** What is being asked **
Each line from the first down to the one containing "Nein, drück WIN+X" should be returned exactly as it appears below.

** Provided data **
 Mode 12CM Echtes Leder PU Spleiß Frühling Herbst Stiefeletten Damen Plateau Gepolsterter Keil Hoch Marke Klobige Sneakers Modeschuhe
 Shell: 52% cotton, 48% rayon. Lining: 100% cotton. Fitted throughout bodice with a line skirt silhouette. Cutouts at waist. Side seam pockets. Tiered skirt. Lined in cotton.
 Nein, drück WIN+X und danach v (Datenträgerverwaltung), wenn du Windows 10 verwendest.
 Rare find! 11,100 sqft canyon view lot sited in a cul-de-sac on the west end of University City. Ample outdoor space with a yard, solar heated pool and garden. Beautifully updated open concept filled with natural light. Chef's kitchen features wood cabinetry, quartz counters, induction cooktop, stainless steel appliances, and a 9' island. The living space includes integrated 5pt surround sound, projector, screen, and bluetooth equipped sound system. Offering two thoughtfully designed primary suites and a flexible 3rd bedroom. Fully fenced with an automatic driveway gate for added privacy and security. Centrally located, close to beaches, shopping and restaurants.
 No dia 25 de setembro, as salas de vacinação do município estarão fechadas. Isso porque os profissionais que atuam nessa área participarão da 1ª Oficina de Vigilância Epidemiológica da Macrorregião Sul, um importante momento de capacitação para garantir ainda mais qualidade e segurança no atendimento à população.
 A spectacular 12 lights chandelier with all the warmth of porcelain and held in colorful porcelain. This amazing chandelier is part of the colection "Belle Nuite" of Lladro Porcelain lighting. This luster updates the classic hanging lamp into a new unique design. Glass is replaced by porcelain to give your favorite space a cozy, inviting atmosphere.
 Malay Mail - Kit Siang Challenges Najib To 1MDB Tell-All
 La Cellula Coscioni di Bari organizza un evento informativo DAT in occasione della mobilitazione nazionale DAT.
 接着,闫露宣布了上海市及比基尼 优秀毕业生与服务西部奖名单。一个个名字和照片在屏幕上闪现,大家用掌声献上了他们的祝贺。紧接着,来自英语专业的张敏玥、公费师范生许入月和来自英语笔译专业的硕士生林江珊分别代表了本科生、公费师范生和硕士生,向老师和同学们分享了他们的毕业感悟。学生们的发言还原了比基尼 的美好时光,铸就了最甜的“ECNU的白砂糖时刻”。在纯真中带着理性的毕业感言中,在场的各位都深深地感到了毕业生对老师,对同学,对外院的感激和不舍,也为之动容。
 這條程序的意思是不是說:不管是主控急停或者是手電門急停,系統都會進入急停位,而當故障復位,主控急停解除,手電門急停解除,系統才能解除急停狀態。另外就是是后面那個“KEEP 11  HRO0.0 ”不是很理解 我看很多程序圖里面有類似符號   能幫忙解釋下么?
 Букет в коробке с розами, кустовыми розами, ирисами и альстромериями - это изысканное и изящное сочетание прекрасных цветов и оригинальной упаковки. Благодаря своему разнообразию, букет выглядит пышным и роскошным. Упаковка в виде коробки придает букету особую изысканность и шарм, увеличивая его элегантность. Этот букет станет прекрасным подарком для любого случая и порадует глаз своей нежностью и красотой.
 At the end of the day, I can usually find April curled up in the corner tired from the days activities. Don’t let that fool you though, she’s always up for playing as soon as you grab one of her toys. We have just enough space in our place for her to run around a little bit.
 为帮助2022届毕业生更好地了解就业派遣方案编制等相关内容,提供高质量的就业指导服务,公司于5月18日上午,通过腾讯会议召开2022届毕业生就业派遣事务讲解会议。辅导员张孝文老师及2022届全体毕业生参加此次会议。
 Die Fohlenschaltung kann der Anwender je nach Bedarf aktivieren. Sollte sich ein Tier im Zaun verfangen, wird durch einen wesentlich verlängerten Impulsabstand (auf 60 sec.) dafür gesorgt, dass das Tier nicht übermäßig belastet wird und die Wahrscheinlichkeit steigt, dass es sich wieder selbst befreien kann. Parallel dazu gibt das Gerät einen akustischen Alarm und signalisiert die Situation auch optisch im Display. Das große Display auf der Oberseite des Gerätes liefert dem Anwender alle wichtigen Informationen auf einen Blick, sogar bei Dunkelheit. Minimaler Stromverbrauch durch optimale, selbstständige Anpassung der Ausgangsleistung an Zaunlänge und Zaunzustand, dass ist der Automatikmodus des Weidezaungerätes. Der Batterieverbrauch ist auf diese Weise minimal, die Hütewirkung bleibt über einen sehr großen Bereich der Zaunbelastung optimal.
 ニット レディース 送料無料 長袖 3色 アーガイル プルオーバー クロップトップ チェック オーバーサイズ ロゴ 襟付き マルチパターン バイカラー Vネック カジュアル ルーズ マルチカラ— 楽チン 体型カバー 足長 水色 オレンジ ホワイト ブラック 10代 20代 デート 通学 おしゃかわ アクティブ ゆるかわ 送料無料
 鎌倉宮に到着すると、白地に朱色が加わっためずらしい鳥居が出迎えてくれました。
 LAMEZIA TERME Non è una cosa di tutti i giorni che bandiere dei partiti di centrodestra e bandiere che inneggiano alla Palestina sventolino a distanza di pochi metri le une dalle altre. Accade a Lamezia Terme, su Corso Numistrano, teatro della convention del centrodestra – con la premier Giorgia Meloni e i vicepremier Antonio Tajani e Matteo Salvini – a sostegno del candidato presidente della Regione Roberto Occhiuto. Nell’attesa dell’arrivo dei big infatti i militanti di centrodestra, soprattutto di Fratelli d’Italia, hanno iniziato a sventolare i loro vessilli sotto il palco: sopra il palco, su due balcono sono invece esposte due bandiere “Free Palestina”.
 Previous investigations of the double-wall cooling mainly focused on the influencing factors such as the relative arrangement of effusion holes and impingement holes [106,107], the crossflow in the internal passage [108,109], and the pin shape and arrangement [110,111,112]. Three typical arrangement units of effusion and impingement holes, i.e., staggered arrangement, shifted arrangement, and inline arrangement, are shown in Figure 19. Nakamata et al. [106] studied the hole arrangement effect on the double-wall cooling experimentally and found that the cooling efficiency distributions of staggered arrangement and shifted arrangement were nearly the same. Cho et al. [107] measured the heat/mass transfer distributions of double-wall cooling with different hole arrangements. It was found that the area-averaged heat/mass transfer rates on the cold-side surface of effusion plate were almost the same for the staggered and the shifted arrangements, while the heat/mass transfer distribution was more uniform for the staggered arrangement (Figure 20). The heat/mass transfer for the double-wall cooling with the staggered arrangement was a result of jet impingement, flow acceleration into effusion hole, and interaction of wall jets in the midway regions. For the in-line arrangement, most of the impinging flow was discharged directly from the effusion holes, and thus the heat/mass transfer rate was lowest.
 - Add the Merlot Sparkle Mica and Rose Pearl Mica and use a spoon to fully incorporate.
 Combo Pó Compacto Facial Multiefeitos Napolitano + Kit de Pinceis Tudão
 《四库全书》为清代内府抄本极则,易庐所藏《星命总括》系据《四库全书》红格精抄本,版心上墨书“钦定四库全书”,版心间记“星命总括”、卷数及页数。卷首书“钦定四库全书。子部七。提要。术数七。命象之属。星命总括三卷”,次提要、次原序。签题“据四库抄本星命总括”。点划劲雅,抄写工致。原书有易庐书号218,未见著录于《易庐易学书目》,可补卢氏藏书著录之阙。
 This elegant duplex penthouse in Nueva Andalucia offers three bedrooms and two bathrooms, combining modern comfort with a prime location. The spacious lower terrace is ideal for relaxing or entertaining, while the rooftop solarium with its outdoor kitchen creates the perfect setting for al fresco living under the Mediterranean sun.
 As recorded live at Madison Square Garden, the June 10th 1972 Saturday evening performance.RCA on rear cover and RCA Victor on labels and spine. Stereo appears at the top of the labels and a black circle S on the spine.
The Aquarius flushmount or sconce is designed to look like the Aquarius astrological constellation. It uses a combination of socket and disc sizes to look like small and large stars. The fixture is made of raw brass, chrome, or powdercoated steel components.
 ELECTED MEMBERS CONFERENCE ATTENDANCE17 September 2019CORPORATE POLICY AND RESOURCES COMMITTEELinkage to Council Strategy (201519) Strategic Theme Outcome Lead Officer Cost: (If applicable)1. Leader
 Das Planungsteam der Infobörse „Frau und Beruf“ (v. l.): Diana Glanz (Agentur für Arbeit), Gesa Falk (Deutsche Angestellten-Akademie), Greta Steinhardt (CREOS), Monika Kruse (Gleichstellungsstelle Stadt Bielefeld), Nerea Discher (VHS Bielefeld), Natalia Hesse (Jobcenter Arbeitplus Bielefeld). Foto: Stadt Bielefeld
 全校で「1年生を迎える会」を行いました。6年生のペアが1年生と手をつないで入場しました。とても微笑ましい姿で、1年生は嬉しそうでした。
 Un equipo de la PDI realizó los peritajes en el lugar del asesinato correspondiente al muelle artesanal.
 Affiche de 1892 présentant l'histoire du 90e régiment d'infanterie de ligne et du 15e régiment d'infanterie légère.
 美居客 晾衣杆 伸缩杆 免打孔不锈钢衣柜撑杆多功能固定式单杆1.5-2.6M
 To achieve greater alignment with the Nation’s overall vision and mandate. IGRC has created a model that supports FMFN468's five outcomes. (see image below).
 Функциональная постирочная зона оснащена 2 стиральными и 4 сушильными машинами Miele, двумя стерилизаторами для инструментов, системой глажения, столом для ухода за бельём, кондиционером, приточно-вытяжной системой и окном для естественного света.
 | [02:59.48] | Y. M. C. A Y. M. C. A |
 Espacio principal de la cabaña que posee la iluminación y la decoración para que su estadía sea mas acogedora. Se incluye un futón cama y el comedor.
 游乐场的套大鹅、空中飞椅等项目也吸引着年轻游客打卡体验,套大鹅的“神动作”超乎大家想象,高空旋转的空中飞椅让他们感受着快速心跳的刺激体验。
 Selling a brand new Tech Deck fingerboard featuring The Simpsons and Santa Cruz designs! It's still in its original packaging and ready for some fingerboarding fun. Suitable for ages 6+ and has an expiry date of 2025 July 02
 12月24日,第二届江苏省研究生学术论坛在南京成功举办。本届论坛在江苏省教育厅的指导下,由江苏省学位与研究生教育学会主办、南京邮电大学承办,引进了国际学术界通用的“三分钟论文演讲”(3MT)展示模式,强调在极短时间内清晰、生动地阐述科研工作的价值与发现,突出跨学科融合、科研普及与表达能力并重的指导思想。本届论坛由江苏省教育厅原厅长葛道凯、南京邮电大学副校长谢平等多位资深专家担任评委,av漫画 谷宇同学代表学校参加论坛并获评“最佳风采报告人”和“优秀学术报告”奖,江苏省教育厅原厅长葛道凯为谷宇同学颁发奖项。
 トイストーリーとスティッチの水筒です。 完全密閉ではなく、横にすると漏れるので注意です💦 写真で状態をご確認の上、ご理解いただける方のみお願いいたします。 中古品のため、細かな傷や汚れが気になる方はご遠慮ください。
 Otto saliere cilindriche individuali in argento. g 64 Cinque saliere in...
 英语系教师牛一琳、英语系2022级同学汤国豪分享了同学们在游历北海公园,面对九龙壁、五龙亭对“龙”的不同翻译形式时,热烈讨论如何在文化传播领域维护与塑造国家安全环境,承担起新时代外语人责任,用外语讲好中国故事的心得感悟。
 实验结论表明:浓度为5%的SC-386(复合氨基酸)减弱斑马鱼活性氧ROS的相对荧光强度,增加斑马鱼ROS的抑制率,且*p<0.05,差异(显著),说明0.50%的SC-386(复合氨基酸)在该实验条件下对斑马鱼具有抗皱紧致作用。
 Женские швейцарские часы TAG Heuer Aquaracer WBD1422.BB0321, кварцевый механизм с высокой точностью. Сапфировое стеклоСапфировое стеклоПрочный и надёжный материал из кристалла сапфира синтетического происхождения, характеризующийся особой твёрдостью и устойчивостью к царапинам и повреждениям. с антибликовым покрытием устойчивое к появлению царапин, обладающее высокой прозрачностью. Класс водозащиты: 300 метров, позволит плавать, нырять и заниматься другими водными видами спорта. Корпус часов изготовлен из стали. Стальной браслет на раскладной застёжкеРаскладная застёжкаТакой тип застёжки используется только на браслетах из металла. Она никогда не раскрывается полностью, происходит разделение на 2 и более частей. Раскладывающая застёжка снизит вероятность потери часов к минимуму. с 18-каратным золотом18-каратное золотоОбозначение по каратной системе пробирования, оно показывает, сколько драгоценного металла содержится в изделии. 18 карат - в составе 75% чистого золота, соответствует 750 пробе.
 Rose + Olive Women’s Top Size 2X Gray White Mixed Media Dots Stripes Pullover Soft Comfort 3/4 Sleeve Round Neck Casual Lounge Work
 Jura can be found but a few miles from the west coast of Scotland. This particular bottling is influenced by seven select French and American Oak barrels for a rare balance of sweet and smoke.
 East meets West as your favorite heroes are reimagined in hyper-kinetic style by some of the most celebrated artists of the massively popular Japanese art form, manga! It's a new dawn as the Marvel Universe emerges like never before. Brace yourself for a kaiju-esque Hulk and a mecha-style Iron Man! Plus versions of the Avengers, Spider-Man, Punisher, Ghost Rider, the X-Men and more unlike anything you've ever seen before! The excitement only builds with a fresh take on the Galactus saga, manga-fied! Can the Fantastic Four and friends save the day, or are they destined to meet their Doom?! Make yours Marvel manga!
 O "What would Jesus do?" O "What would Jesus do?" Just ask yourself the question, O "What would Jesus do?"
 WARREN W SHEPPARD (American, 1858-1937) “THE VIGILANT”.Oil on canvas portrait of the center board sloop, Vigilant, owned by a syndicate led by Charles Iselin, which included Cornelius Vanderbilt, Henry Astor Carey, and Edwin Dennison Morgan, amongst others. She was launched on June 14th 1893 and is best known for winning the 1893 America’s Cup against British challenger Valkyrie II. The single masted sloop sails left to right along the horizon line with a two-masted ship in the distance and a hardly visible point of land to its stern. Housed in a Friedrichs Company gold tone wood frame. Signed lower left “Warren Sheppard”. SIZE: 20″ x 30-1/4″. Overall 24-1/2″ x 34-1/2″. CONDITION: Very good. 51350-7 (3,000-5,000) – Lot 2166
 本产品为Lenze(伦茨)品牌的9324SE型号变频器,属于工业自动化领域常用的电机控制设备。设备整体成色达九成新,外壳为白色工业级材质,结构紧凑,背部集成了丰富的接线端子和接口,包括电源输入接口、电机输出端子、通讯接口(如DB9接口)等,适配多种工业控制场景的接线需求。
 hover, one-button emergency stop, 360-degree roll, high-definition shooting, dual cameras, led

** Written solution **
 Mode 12CM Echtes Leder PU Spleiß Frühling Herbst Stiefeletten Damen Plateau Gepolsterter Keil Hoch Marke Klobige Sneakers Modeschuhe
 Shell: 52% cotton, 48% rayon. Lining: 100% cotton. Fitted throughout bodice with a line skirt silhouette. Cutouts at waist. Side seam pockets. Tiered skirt. Lined in cotton.
 Nein, drück WIN+X und danach v (Datenträgerverwaltung), wenn du Windows 10 verwendest.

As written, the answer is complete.